*EXERCISE PROMPT*
Print nothing beyond the line with "Fig. 4: Remains": every line from the beginning of the data up to it, that line included, and no pictures.

(Stored records)
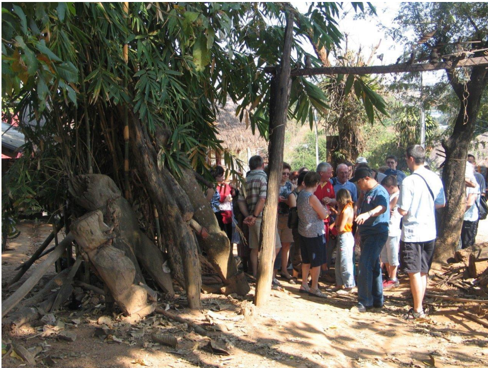
Plate 3: Tour group at the entrance gate

are handmade, but for the most part ordered from companies in Chiang Rai, Chiang Mai, or in Tachilek (Burma/Myanmar). The main attraction are the exotic Akha themselves, in particular the women, who wear imposing head decorations. Akha-specific “cultural goods” and tourist attractions such as the village gates and guard statues at the entrance of the village or the nearby swing, (only used during the Swing Ceremony) can be seen as objectified cultural capital (Bourdieu 1986).
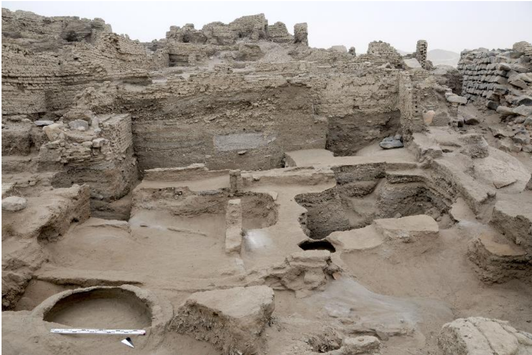
Fig. 4: Remains of house 168, to the right the pyramid

As a first step towards the aims of the project micromorphological samples have been taken from the eastern profile in the area of house 166 from and underneath the rectangular installations in room B. These samples were transported to the IFAO in Cairo in spring 2014 and are awaiting further processing and study.
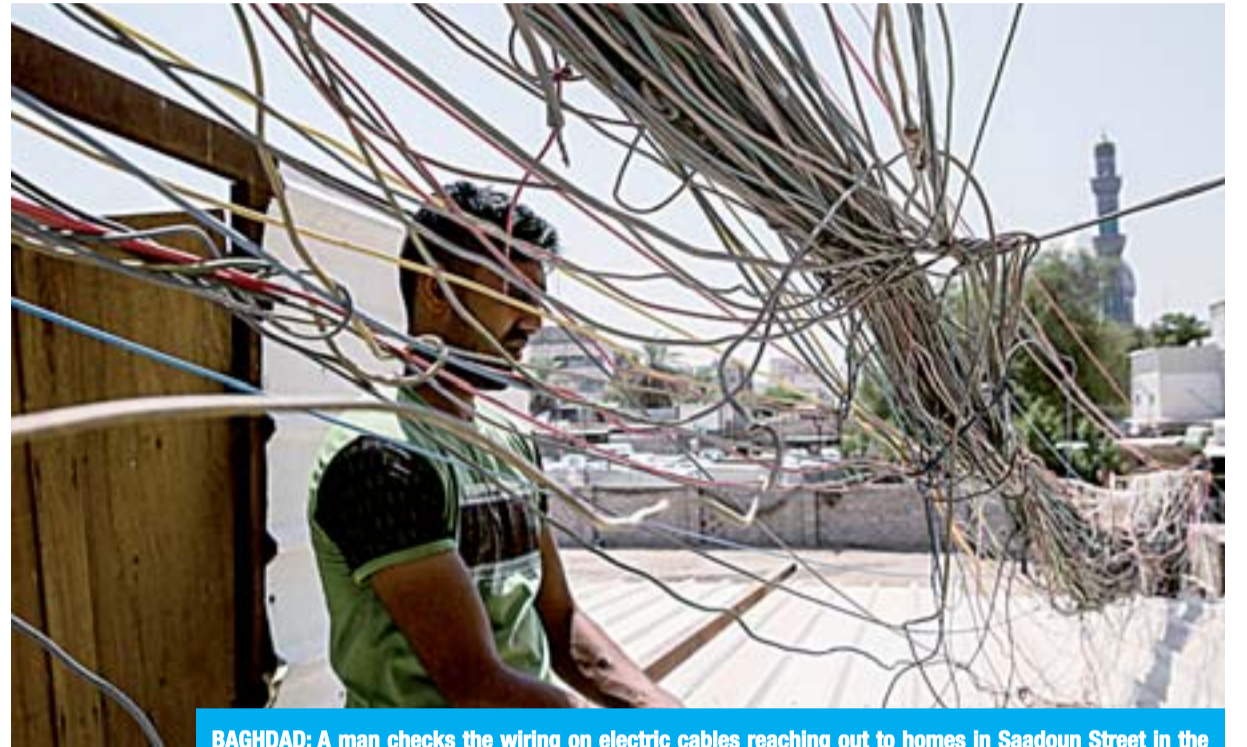
BAGHDAD: A man checks the wiring on electric cables reaching out to homes in Saadoun Street in the Iraqi capital Baghdad.

OPEC cartel-sits on some of the world's largest crude reserves, with the oil sector accounting for 89 percent of the state budget.
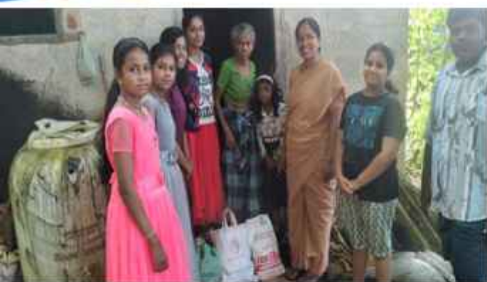
NCP's Onam Kit to the poor families
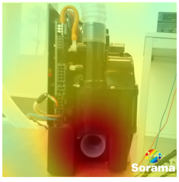
Figure 1. Snapshot from the acoustic sound camera, used to locate problem areas in the blower. The red area has the highest sound intensity.

Medical blowers for respiratory systems must meet strict noise production requirements. One of our clients, a designer of respiratory systems, asked us to localize the source of the noise production. After the identification of the problem areas, design changes could be made to meet the noise production requirements.
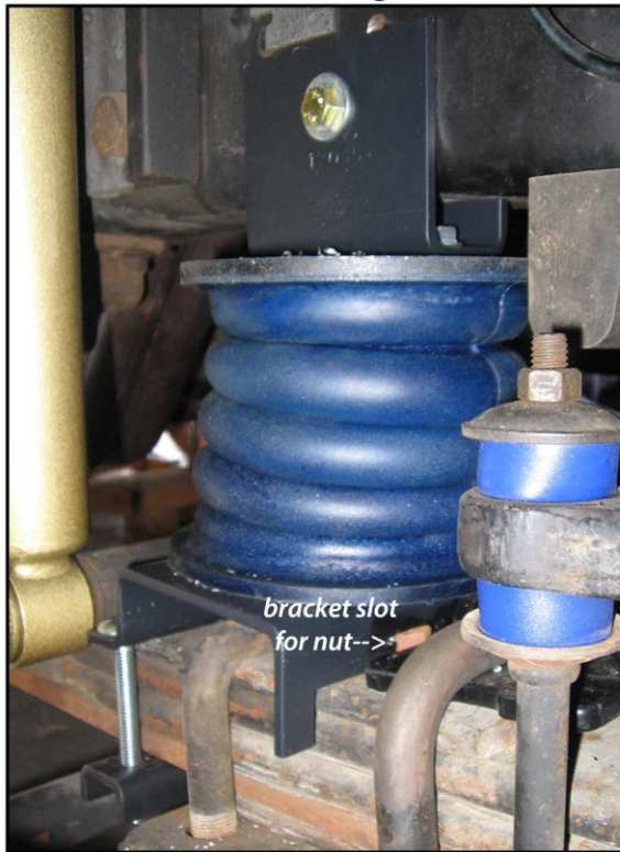
bracket slot for nut-->
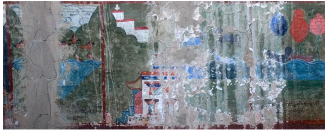
Fig.16. Image of the four continents. This portion of the paintings is badly damaged.

Then there will be appearances of the five realms he should avoid: nice houses and temples for the gods' realm, a pleasant forest and wheels of light for the demi-gods' realm, rocky caverns, crevices and straw sheds wrapped in dense fog for the animals' realm, tree stumps, black protruding silhouettes, blind desolate gorges or total darkness for the hungry ghosts' realm, and a land of darkness with red and black cubes, black earth pits and black roads for the hell dwellers' realms. The text in the inscriptions advises him not to enter there.
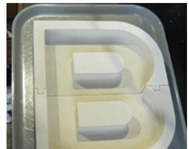
ZCast mold ready for metal
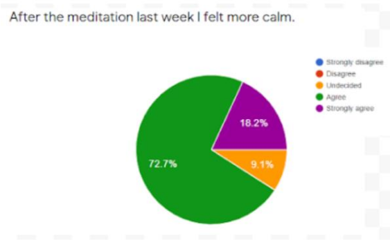
Figure 1 Results from "After meditation last week I felt more calm"

This week I noticed that I was able to redirect my emotions during times of stress
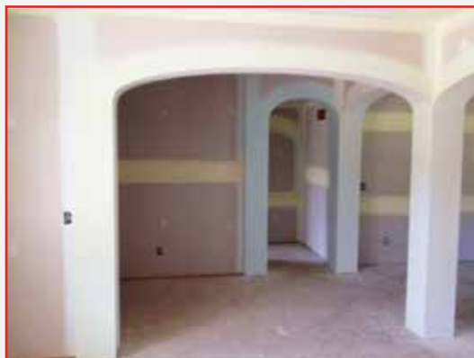
Never-Miss yellow over blue Coloring Gel
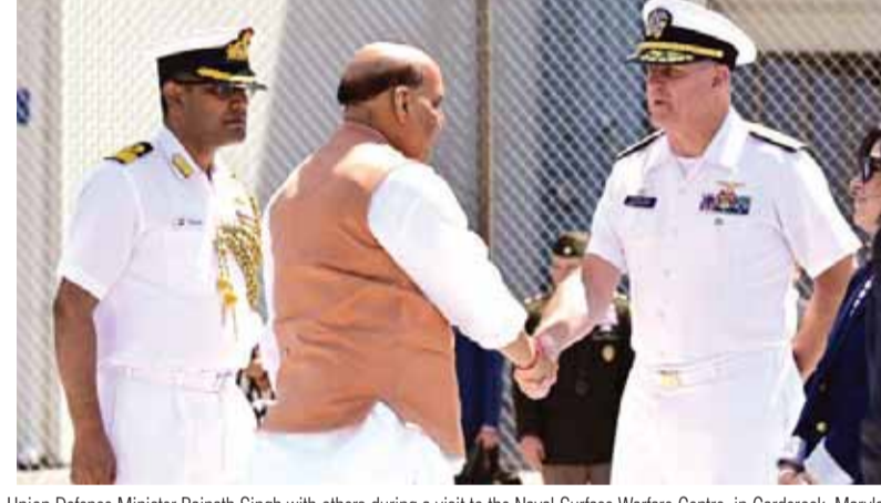
Union Defence Minister Rajnath Singh with others during a visit to the Naval Surface Warfare Centre, in Carderock, Maryland, USA

*SOLUTION TO THIS EXERCISE*
Plate 3: Tour group at the entrance gate

are handmade, but for the most part ordered from companies in Chiang Rai, Chiang Mai, or in Tachilek (Burma/Myanmar). The main attraction are the exotic Akha themselves, in particular the women, who wear imposing head decorations. Akha-specific “cultural goods” and tourist attractions such as the village gates and guard statues at the entrance of the village or the nearby swing, (only used during the Swing Ceremony) can be seen as objectified cultural capital (Bourdieu 1986).
Fig. 4: Remains of house 168, to the right the pyramid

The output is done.